The input →
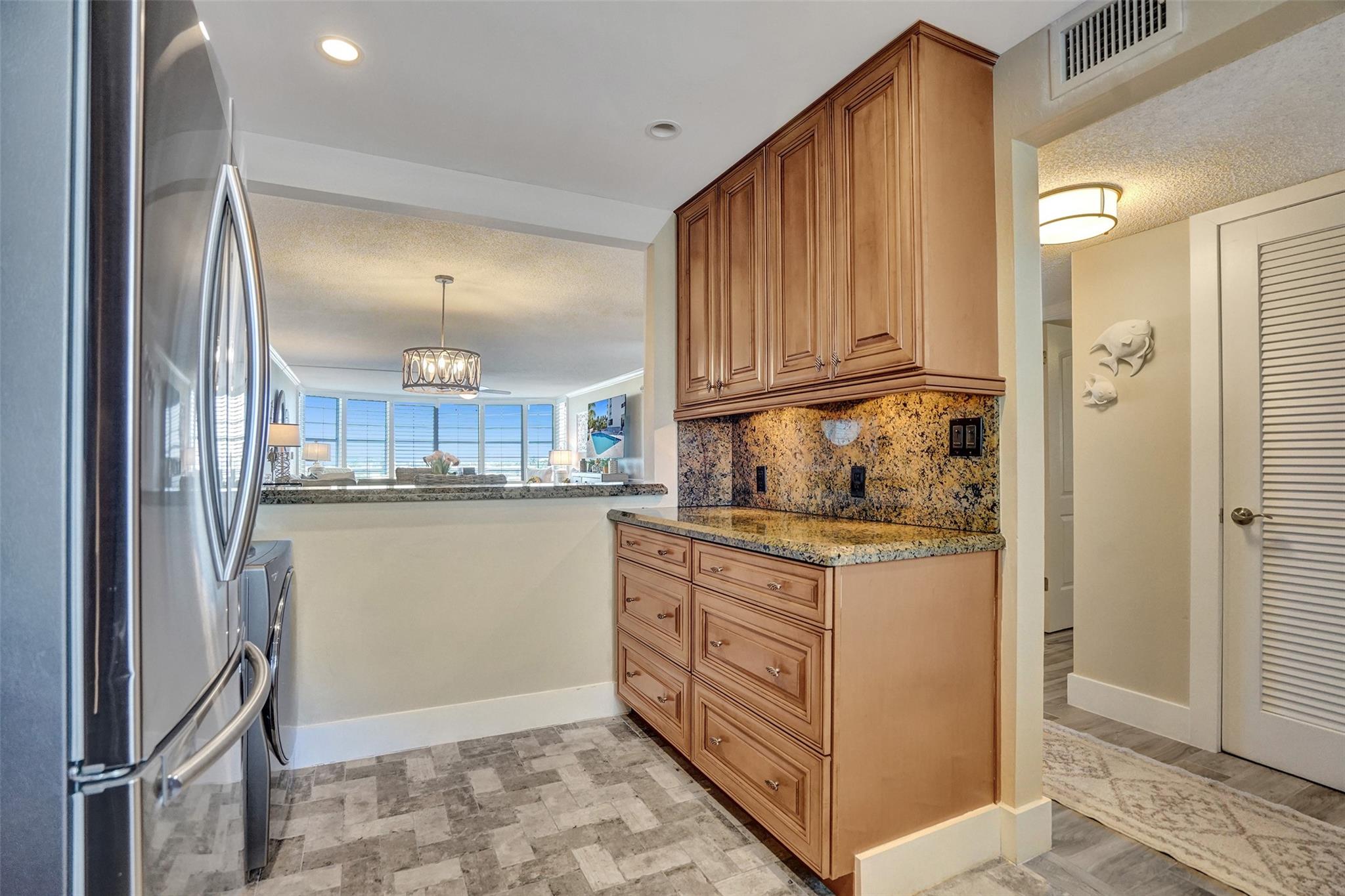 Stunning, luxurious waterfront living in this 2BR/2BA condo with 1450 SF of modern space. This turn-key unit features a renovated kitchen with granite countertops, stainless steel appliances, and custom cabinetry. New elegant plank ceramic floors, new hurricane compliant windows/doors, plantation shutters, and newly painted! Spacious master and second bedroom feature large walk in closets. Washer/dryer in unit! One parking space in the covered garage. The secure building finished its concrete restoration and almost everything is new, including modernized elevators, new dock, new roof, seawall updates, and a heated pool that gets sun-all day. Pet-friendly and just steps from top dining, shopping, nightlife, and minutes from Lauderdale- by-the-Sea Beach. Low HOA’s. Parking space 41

==

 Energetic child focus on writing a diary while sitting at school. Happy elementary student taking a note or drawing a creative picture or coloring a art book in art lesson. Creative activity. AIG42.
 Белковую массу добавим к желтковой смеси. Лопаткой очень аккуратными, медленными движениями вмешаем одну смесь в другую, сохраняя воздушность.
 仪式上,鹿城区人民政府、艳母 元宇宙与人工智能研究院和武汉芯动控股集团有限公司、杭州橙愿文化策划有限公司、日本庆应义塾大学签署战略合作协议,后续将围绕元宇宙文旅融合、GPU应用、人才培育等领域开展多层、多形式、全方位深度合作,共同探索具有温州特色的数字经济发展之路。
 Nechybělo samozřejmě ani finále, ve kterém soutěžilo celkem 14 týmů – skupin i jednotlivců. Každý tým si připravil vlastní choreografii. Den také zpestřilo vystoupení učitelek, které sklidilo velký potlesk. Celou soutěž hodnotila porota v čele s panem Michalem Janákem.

Exercise goal → Every line from the line containing "Белковую массу добавим" through the line containing "Nechybělo samozřejmě ani" in the records above must be retyped exactly. Leave out the rest.

Task response →
 Белковую массу добавим к желтковой смеси. Лопаткой очень аккуратными, медленными движениями вмешаем одну смесь в другую, сохраняя воздушность.
 仪式上,鹿城区人民政府、艳母 元宇宙与人工智能研究院和武汉芯动控股集团有限公司、杭州橙愿文化策划有限公司、日本庆应义塾大学签署战略合作协议,后续将围绕元宇宙文旅融合、GPU应用、人才培育等领域开展多层、多形式、全方位深度合作,共同探索具有温州特色的数字经济发展之路。
 Nechybělo samozřejmě ani finále, ve kterém soutěžilo celkem 14 týmů – skupin i jednotlivců. Každý tým si připravil vlastní choreografii. Den také zpestřilo vystoupení učitelek, které sklidilo velký potlesk. Celou soutěž hodnotila porota v čele s panem Michalem Janákem.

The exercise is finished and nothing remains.